▶ Records:
>>>

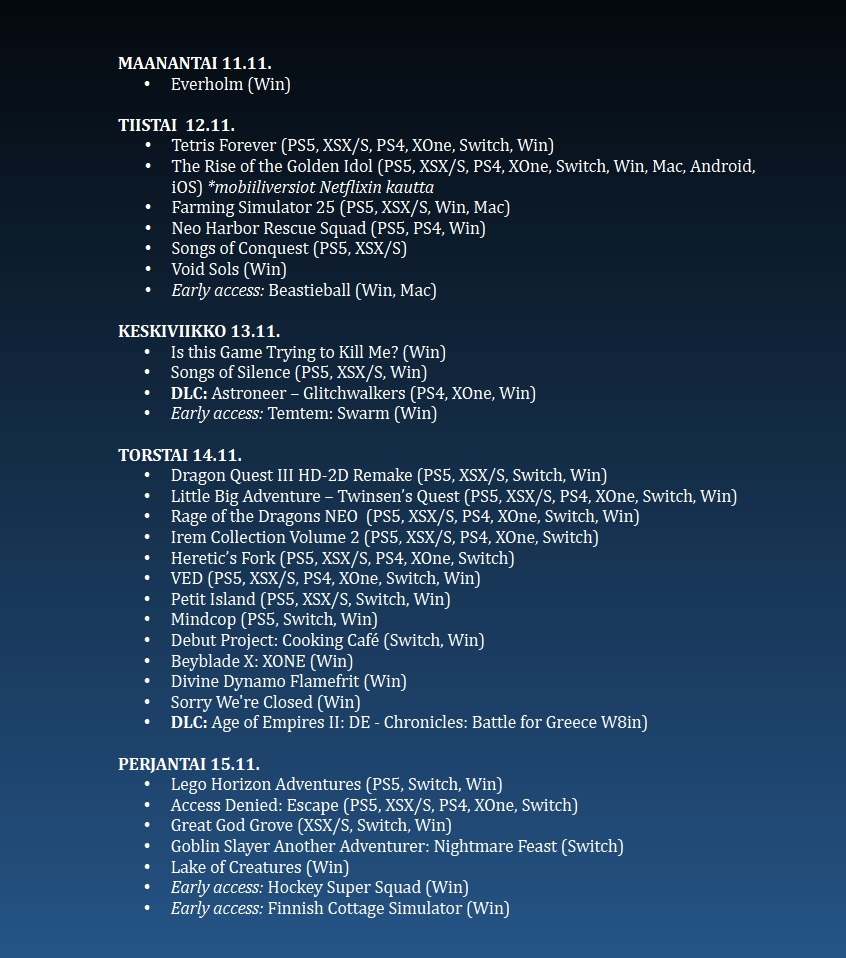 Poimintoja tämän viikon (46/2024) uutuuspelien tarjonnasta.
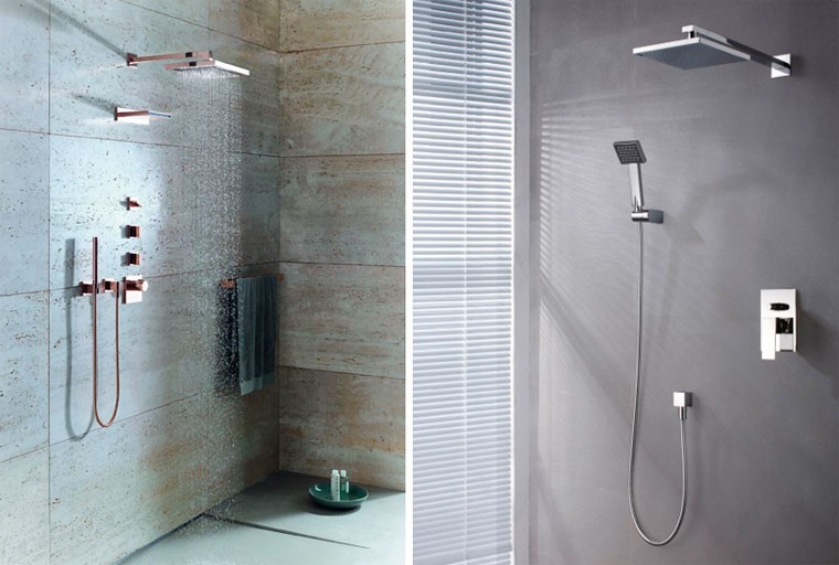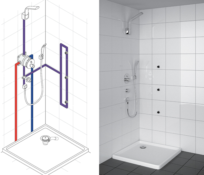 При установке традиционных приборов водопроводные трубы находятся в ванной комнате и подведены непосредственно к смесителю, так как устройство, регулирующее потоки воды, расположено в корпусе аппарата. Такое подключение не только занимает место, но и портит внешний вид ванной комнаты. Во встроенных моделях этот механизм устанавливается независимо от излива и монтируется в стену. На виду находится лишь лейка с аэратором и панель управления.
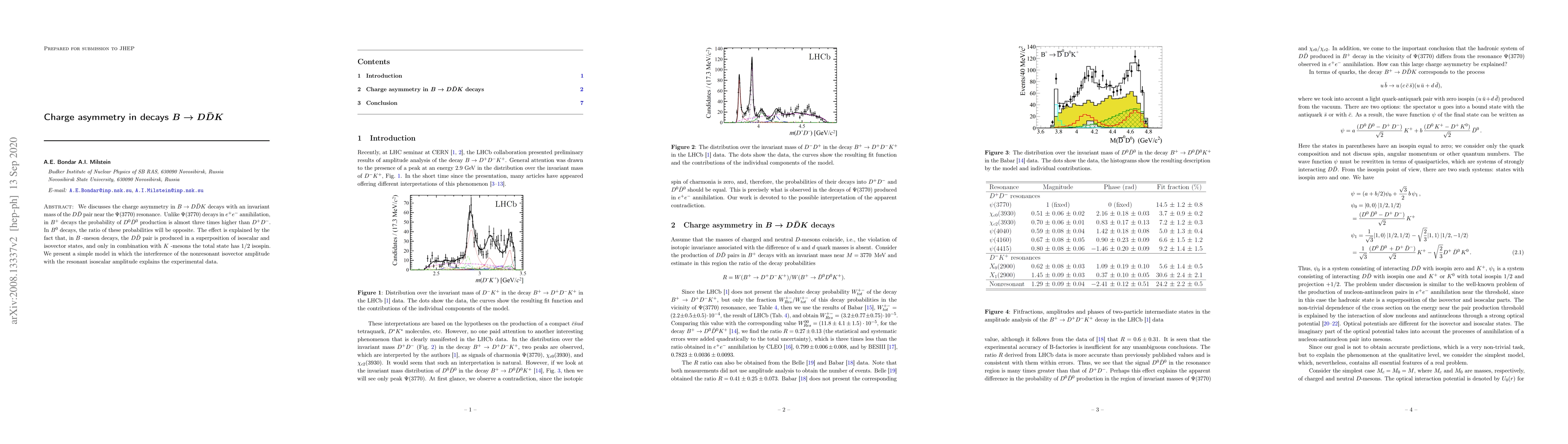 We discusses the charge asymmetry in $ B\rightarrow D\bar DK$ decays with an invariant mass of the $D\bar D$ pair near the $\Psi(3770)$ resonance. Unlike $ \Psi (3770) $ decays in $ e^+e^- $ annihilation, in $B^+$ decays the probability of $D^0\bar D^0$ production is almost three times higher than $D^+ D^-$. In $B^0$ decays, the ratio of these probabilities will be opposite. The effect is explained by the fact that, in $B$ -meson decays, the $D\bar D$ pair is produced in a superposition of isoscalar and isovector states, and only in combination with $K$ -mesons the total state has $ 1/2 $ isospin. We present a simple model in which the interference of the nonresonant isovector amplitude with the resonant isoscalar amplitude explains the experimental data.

<<<
>>>

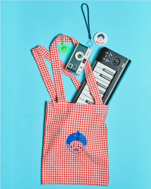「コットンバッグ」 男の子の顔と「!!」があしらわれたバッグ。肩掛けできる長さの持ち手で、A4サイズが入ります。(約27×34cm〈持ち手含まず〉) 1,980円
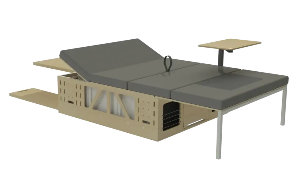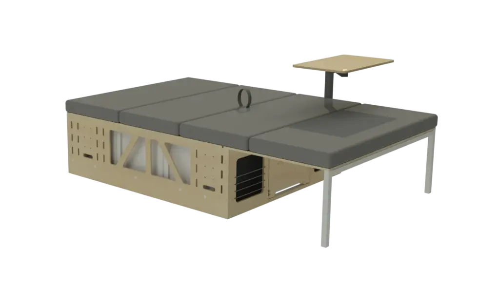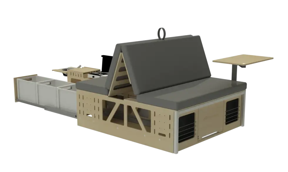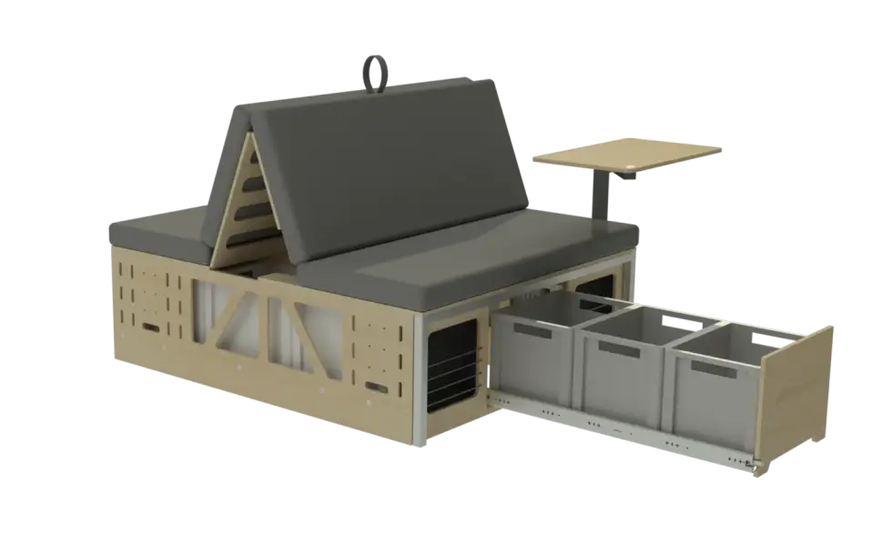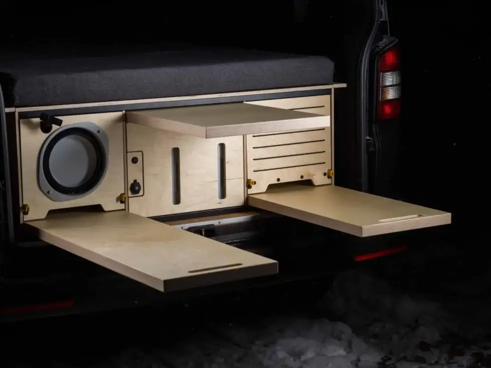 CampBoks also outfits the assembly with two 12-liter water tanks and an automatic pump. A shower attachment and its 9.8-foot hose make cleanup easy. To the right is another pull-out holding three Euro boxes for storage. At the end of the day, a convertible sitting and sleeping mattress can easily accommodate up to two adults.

<<<

▶ What you are asked to do: Take the material above from the line bearing "Poimintoja tämän viikon" through the line bearing "При установке традиционных" and write it out exactly, both end lines included. Pictures stay out.

▶ The answer:
 Poimintoja tämän viikon (46/2024) uutuuspelien tarjonnasta.
 При установке традиционных приборов водопроводные трубы находятся в ванной комнате и подведены непосредственно к смесителю, так как устройство, регулирующее потоки воды, расположено в корпусе аппарата. Такое подключение не только занимает место, но и портит внешний вид ванной комнаты. Во встроенных моделях этот механизм устанавливается независимо от излива и монтируется в стену. На виду находится лишь лейка с аэратором и панель управления.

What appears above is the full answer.